— Дмитрий, может, хоть вы разрешите проблему с ударениями — как правильнее, Эфрос или Эфрос?
— Сам не знаю, как правильнее. Но я больше люблю говорить «Эфрос» — это как-то по-домашнему. Эфрос звучит более официально. Помню, когда он отмечал свой юбилей, был вечер в Доме ученых и Зяма Паперный пошутил: 50 процентов наших доцентов говорят Эфрос, а 50 процентов — Эфрос.
— Мне хочется, чтоб вы сейчас вспомнили о нем не как сын об отце, а как художник о режиссере. Вашим первым совместным спектаклем, кажется, был «Отелло»?
— Да, «Отелло». Я еще был на первом курсе, когда он меня пригласил. То есть не пригласил, а даже не знаю, как лучше это назвать... Мы очень долго делали тот спектакль, лет пять работали. Я тогда вообще еще очень мало что понимал, но то, как он работал, было удивительно. Это было очень спокойно, хотя он прекрасно понимал, что я как художник пока никто. Он был уверен, что прикроет меня. Я волновался, а он нет. Получилось — хорошо, не получилось — подумай еще.
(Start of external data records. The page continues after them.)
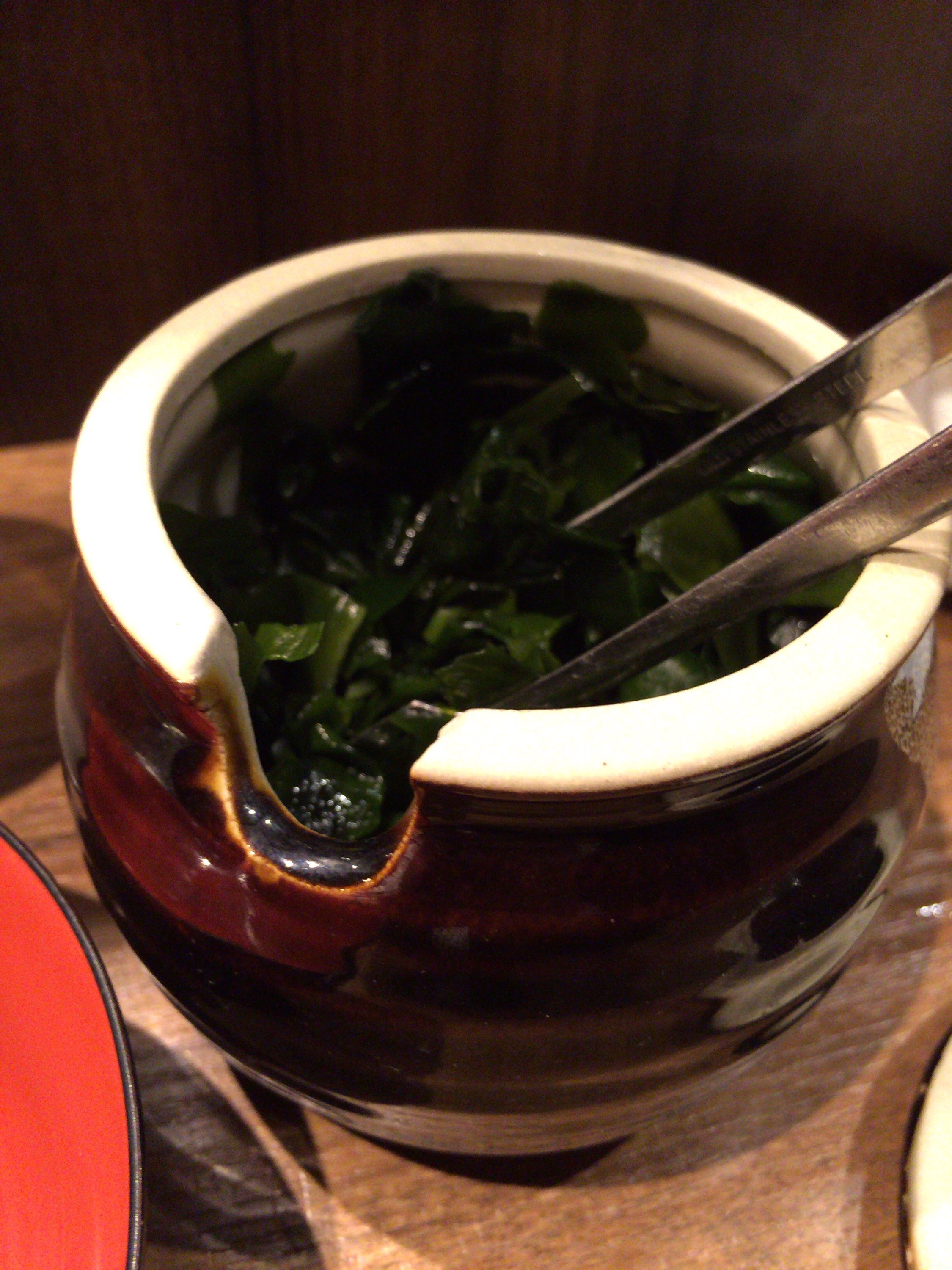 カウンターの壺の中はワカメ。無料で盛れるっていうのも珍しい。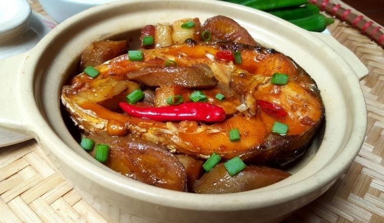 Un plat vietnamien unique où le poisson est mijoté lentement avec des bananes vertes, du caramel, de la sauce de poisson et des épices parfumées. Les bananes encore fermes absorbent la sauce et deviennent tendres, apportant une texture douce-salée spéciale. La saveur offre un équilibre subtil entre le sucré du caramel, le salé du nuoc-mam (sauce de poisson) et la légère amertume des bananes vertes. Ce mets est idéal pour un repas familial chaleureux, surtout lorsqu’il est servi chaud. On le déguste généralement avec du riz blanc fumant pour bien apprécier la sauce riche et brillante qui nappe le tout.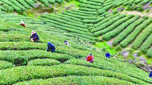 南充新闻网讯(杨光 南充市融媒体中心记者 梁洪源 文/图)3月21日上午,记者乘车前往营山县明德乡明渠村,在穿过陈大寨山上的松树林后,一大片绿意盎然的茶园立即映入眼帘。目光所及,农户们头戴遮阳帽,手拿竹篓,熟练地采摘着茶树的嫩芽(如图),动作行云流水,与层层叠叠、连绵起伏的墨绿色茶垄构成一幅美丽的采茶图。
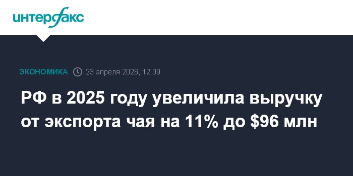 Москва. 23 апреля. INTERFAX.RU - РФ в 2025 году экспортировала чая на $96 млн, что на 11% больше, чем в 2024 году, сообщает федеральный центр "Агроэкспорт".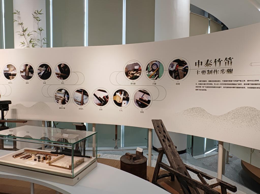 紫荊村擁有2.8萬(wàn)畝苦竹林,年產(chǎn)苦竹1.6萬(wàn)噸,年產(chǎn)竹笛300萬(wàn)支,是國(guó)內(nèi)著名的“竹笛之鄉(xiāng)”。2020年底,中泰街道和紫荊村將以前的竹器廠進(jìn)行改造,建起了這座以笛文化為主題的鄉(xiāng)村博物館。從空中向下望去,博物館就如同鑲嵌在村居竹林間的一個(gè)音符。村黨委書記鮑明遠(yuǎn)告訴記者,以展示館為中心,村里還建起了竹笛主題沉浸式音樂(lè)廣場(chǎng)和竹笛非遺工坊,推動(dòng)文旅融合,更好地展示笛文化。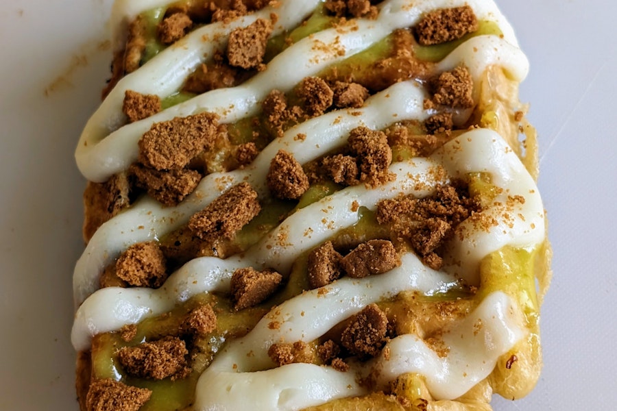 House-made lime curd, with cream cheese frosting and biscoff cookie crumble, on top of a liege waffle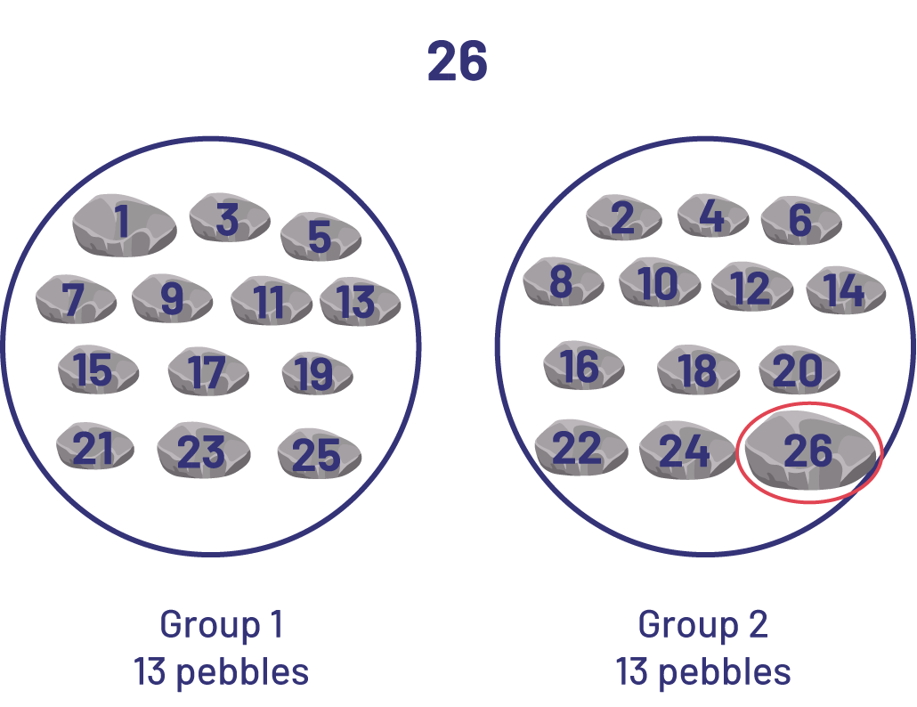 I started by counting 26 pebbles. I placed one pebble in group 1 and another in group 2. I continued to divide the pebbles like this until they were all placed. I saw that there were 13 pebbles in each group, which is an equal amount. By dividing 26 objects into two equal groups, I could see that 26 is an even number.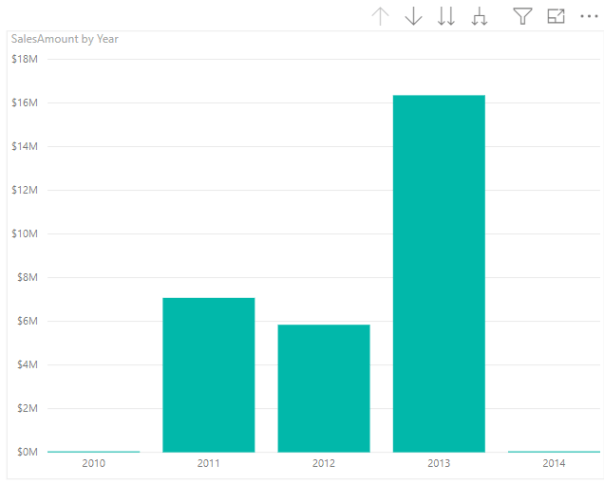 To recap quickly, we were using the AdventureWorksDW2014 data warehouse and we added SalesAmount and OrderDate from the FactInternetSales table. We want to insert a matrix table onto the report as those work with the drill down feature whereas the regular table visualization does not.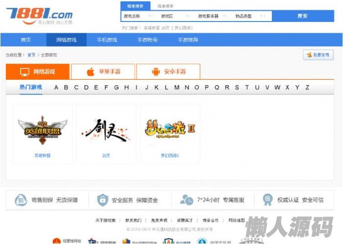 【物品交易源码】7881装备网源码/可做点卡和网站源码网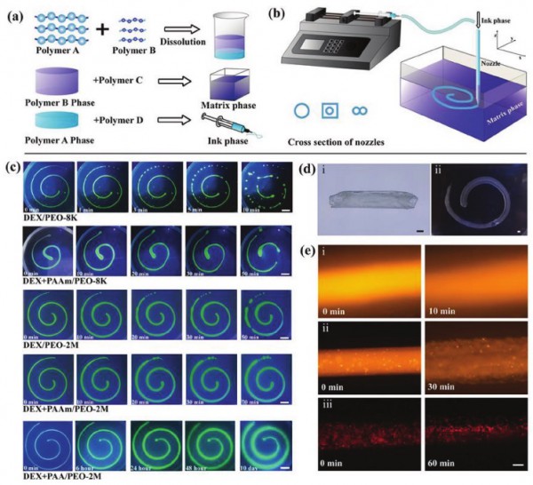 經(jīng)過實驗,該團隊指出:“配制的ATPS可以連續(xù)寫入全水性3D結(jié)構(gòu),并確保足夠的穩(wěn)定時間以防破裂直到形成界面膜。”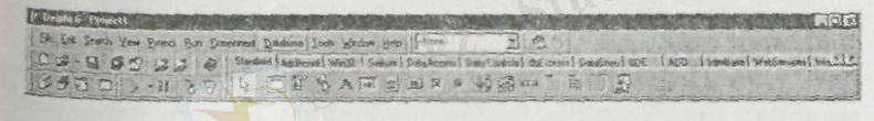 Негізгі терезеде Dеlрһі-дің негізгі менюі, пиктографиялық батырмалар және компоненттер палитрасы орналасқан. Негізгі мәзірде Dеlрһі функцияларын іске қосу бұйрықтарының жиынтығы бар.
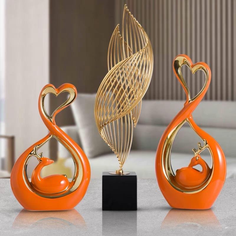 Grace your home with a masterful blend of elegance, modernity, and emotional warmth with the Golden Harmony Deer & Spiral Trio Sculpture Set – Dual Color Edition. This curated trio features two stylized deer sculptures framed in elegant infinity-heart designs, paired with a striking abstract spiral centerpiece in gold metal. Available in two refined finishes—classic white-gold for serene minimalism and bold orange-gold for a vibrant, contemporary look—this set makes an artistic statement in any room.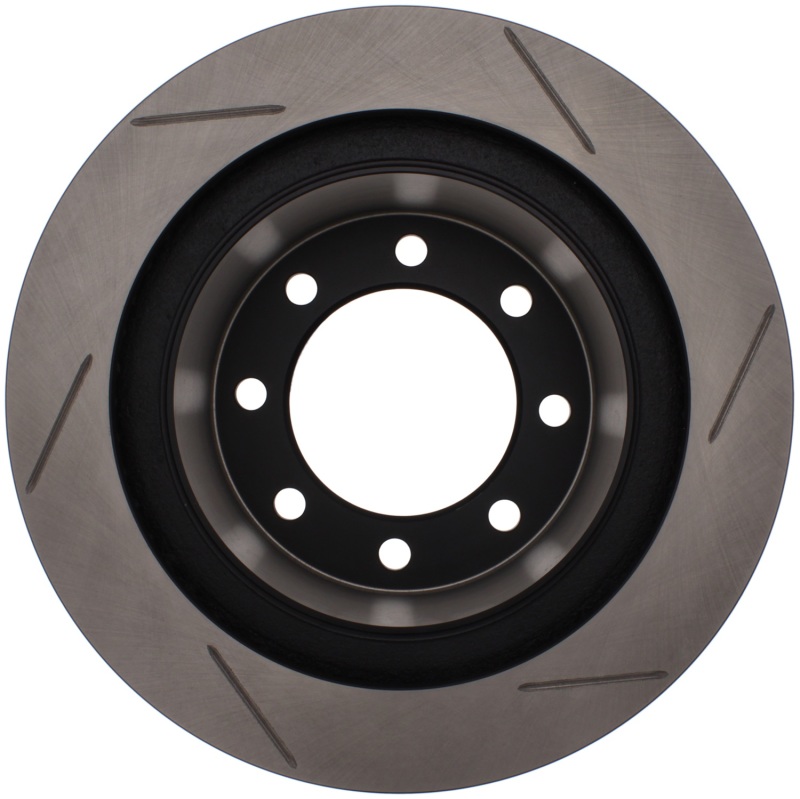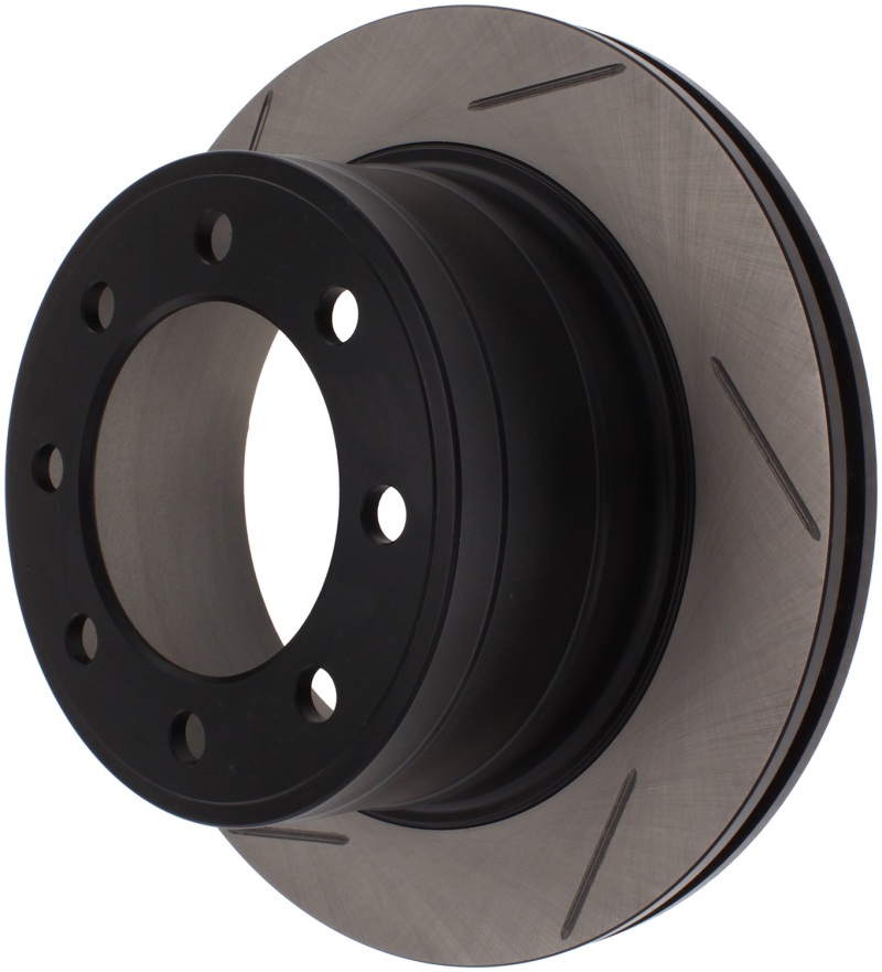 Upgrade your Dodge Ram’s braking system with the StopTech Power Slot 126.67062SR rear right slotted rotor, designed specifically for models from 2006 to 2008. These high-performance, one-piece rotors are direct replacements for stock brake discs, providing a combination of enhanced braking capability and aesthetic appeal behind your wheels. The unique slotting pattern improves heat dissipation and brake dust removal, reducing the risk of rotor glazing and delivering increased initial bite and more consistent braking performance in both wet and dry conditions. The black e-coating offers excellent corrosion protection, ensuring durability and a clean look over time, while the high carbon metallurgy contributes to quieter operation, increased crack resistance, and overall longevity of the rotor. Built with advanced metallurgy that includes Molybdenum and Chromium, these rotors are especially effective when paired with higher friction European style brake pads, reducing pad squeal and enhancing braking response. The double disk ground surface ensures a consistent friction surface, and the directional curve vane design (on selected applications) aids in thermal management, further improving brake performance during demanding driving conditions. Additionally, the slots help evacuate gases, dust, and heat, maintaining optimal contact between pad and rotor for improved safety and control. These rotors are a direct replacement for OEM parts, making installation straightforward and hassle-free for compatible Dodge Ram models. Whether you’re looking for improved stopping power, better resistance to thermal stress, or an upgrade that combines performance with durability, the StopTech Power Slot rotor is an ideal choice for serious drivers seeking reliable braking performance from their truck.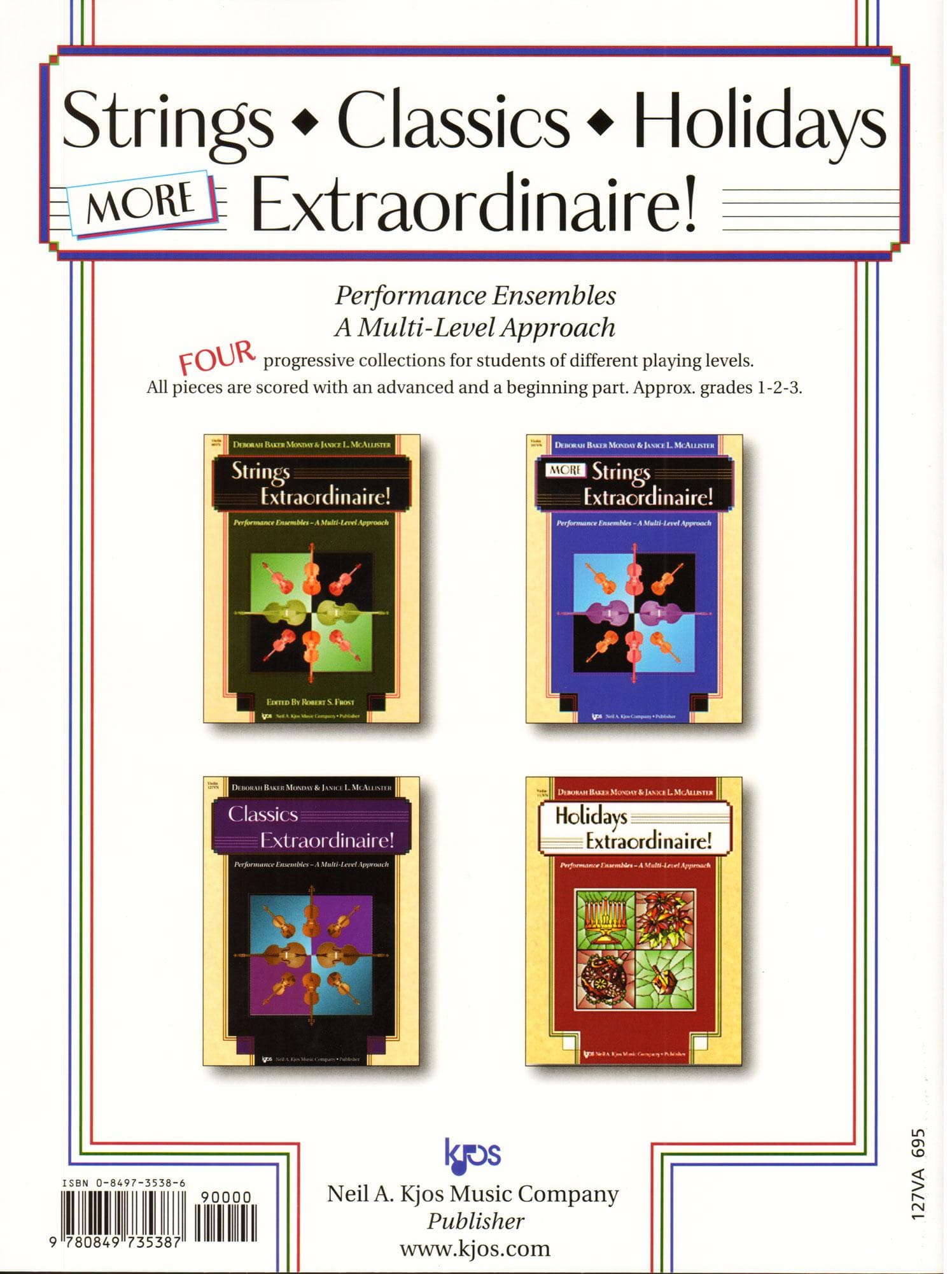 Deborah Baker Monday and Janice L. McAllister have accomplished something that only teachers could accomplish – they have created a series of pieces that young musicians love to play in concerts, festivals and recitals! With their years of teaching experience in the Logan City (Utah) School District, they first collaborated on the now-popular Strings Extraordinaire series, later adding Holidays Extraordinaire, MORE Strings Extraordinaire and their latest, Classics Extraordinaire, for a wide variety of levels. With scores, individual string instrument parts, and optional piano accompaniments, all bound within sturdy covers, everything you need for your studio or program is just a click away! An enriching and engaging musical experience for everyone, from middle school ensembles to New Horizons senior ensembles and youth orchestras.

— Эфрос сам предложил какую-то картинку?
— Он придумал довольно смешную картинку, простую и сильную. Мы поискали, поискали, а потом через пять лет к ней и вернулись. У него очень четкий замысел был всегда. И, как правило, он был связан с декорацией. Для него большое внимание имела геометрия на сцене.
— Визуальное решение рождалось у него сразу и потом уже не менялось?
— Он позволял иногда менять его. Не мне, а Левенталю, скажем. Но, как мне кажется, это всегда было не к лучшему. Спектакль «Дорога», скажем, — такой замечательный был замысел... Левенталь предложил более оперную декорацию, и это получилось не очень хорошо.
— Много ли вы взяли от него как от режиссера?
— Я знаю точно, что от него надо было бы взять. Точное знание еще до начала репетиций, что именно ты хочешь сделать, процентов на 70-80. Остальное можно менять, но 75 процентов — это железно, и ты не должен никому из театральных людей это уступить. Потом это должно обрасти какими-то легкими импровизационными облачками. Нельзя меньше чем 75 процентов, потому что тогда за этой импровизацией ты потеряешь свой замысел, и нельзя больше, потому что тогда это будет негибкая структура. Знание без свободы — это, может быть, и хорошо, но живость теряется. А если наоборот, без какого-то стержня, то может получиться талантливая игра и вообще милейшее воплощение, но это будет похоже на студенческий капустник. Трудно себе представить, что Чехов садился писать «Три сестры», не зная, что полк уйдет, а они останутся или что вишневый сад продадут. Он, конечно, все это знал, когда садился писать. Хотя прошло уже почти двадцать лет со смерти папы и не все помнится, но что-то подобное я от него слышал: «Прихожу, твердо зная, что я хочу сделать на репетиции, а дальше действую по обстоятельствам. Спрашиваю, разговариваю...» Когда актеры думали, что с ними реально советуются и их мнение много решает, то это, конечно, было не так. Когда он перешел в «Ленкоме» с этюдного метода работы на другой способ, все были взбудоражены, возмущены тем, что он ломает какие-то устои. И он им сказал: ну не думали же вы всерьез, что раньше ваши суждения что-то серьезное решали в спектакле? У него сложился такой странный метод, в котором было всего понемножку. Когда нужно — этюд, когда нужно — показ, когда нужно — объяснение, а когда нужно — жесткая директива: «Выйди отсюда и скажи с такой-то интонацией».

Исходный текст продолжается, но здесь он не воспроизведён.